Void Pointer Arithmetic

Question

Given a void pointer, if I want to make the void pointer point to x bytes ahead, how will this be best done? Is there a better way than casting to a char pointer?

Answer 1

Is there a better way than casting to a char pointer?

No (except having a char * instead of a void * to begin with, so you don't have to cast it at all).

If this is not desirable or possible, then the only way is:

ptr = static_cast<char *>(ptr) + offset;

(Note: if you are doing this sort of stuff in C++, usually there is a much better solution. Unless you are an expert and you already ruled out every other alternative, I suggest you post a new question asking if there is a better way to do what you're trying to do!)

Answer 2

Given a void pointer, if I want to make the void pointer point to x bytes ahead, how will this be best done? Is there a better way than casting to a char pointer?

If you have a void* , you don't know that "x bytes ahead" is a valid address. You don't know that creating such a pointer won't crash your program.

And that is why it can't be done with void* .

You can only perform pointer arithmetics on pointers into an array. And if you have a pointer into an array, you know the type of the array, and can use the equivalent pointer type.

If you want some kind of abstract "byte pointer" (say, if you're implementing a memory pool and need to point to a specific offset into a buffer), you should use char* or unsigned char* , not void* .

Answer 3

Take a look at this question , and this question . To summarise, the answer is to cast to char * for arithmetic at a byte level.

Answer 4

When doing pointer arithmetic compiler wants to take into account what it knows about the type that the pointer points to.

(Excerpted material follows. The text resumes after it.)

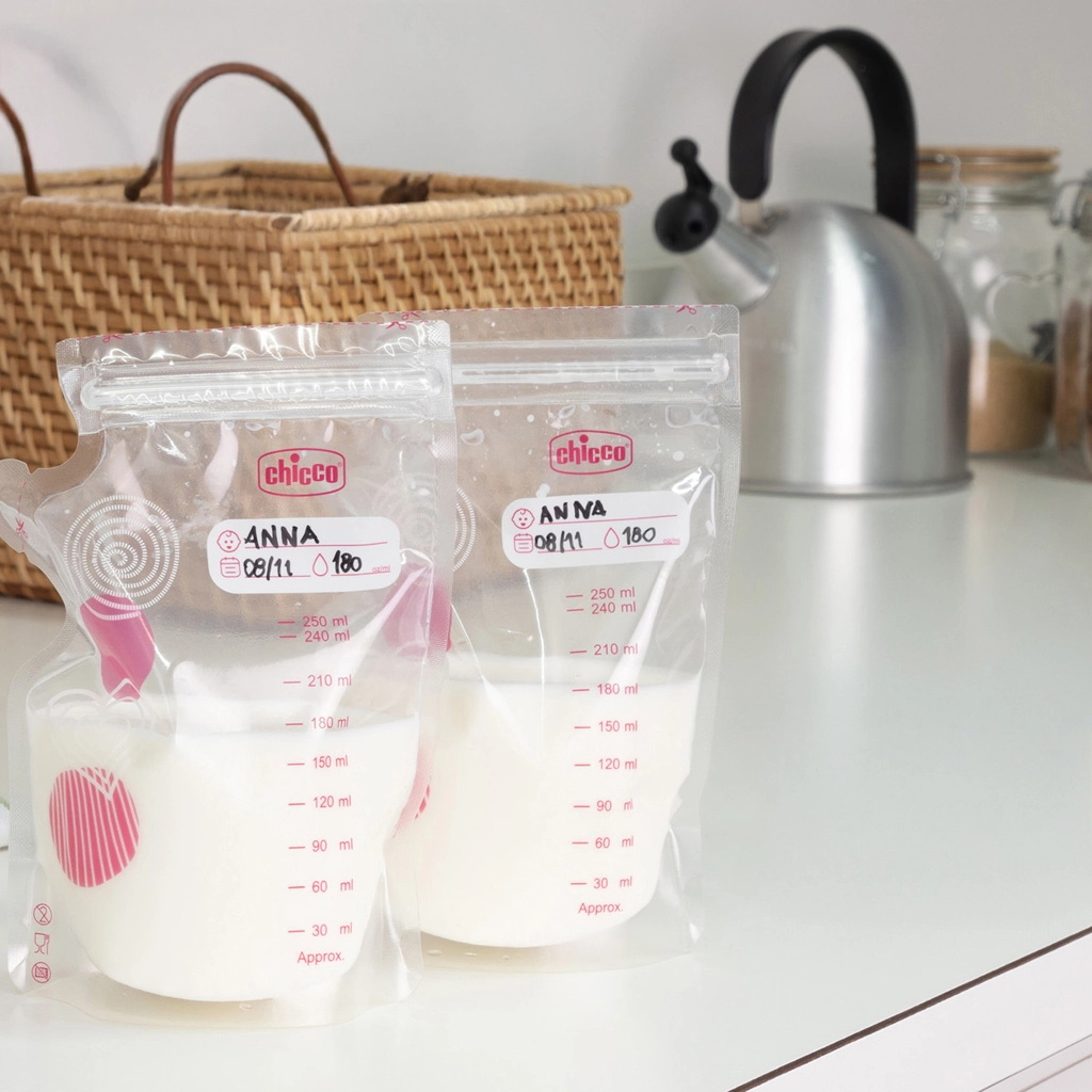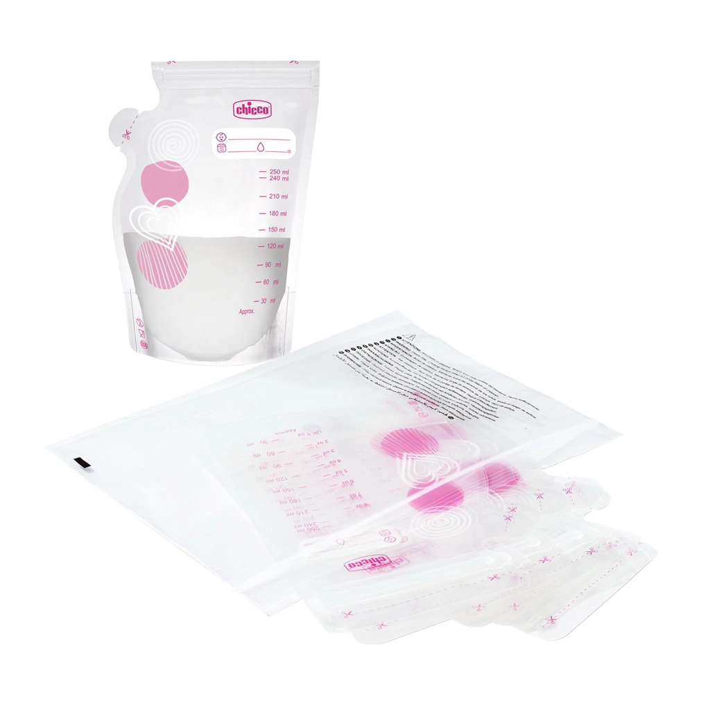 Pratiques et hygiéniques, les sachets pour lait maternel CHICCO d’une capacité de 250 ml sont pré-stérilisés, dotés d’une double fermeture zippée sécurisée anti-fuite, d’un fond autoportant pour un remplissage facile et d’un espace pour les notes (date et quantité). Idéals pour le stockage et la congélation de l’excédent de lait maternel sans perte de ses qualités nutritionnelles.
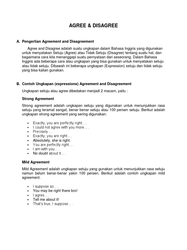 Materi agreement and disagreement. Di dalam bahasa inggris disagree mempunyai arti yaitu tidak setuju sama seperti halnya dengan agree disagree pun terbagi dalam 2 tipe yaitu strong disagreement dan mild disagreement. Materi agreement dan disagreement ini biasanya dipelajari di kelas 9 smp yang biasanya kita kenal dengan expression of agreement and disagreement. Agreement itu sendiri sederhananya dapat kita artikan dengan setuju kesetujuan persetujuan namun pengertian dari kata persetujuan itu dapat bermakna luas sesuai dengan konteks yang dibahas.

For example if you have a int *myint . Then these two statements actually do the same thing:

int a = *(myint+5);

and

int a = myint[5];

in this case myint+5 does not mean "the address of myint plus 5" but "the address of myint plus 5*sizeof(int))"

So in case of a void * the compiler can't make any assumptions what void * + 5 should mean. So before you use a void * it kind of forces you to specify how you want to use it.

Answer 5

您可以将指针转换为普通整数，进行增量或任何操作，然后您可以将整数分配给该指针，希望它有所帮助

Answer 6

Here was my problem

void *inputAudioBuffer;

c++ was not letting me do this

UInt16 *inputBuffer = (UInt16 *)(inputAudioBuffer + inputBufferOffset);

after doing a type cast I was able to do it

UInt16 *inputBuffer = (UInt16 *)( (UInt16 *) inputAudioBuffer + inputBufferOffset);

Answer 7

In difference to the other people answering this question, it seems to me as if a simple +x (no casting at all) is sufficient to access the address x bytes ahead of your void pointer. The compiler might not like it, but at least in the cases I have used this, it has worked. I'm using g++ ( gcc )...

So as long as you know what you're doing, no probs.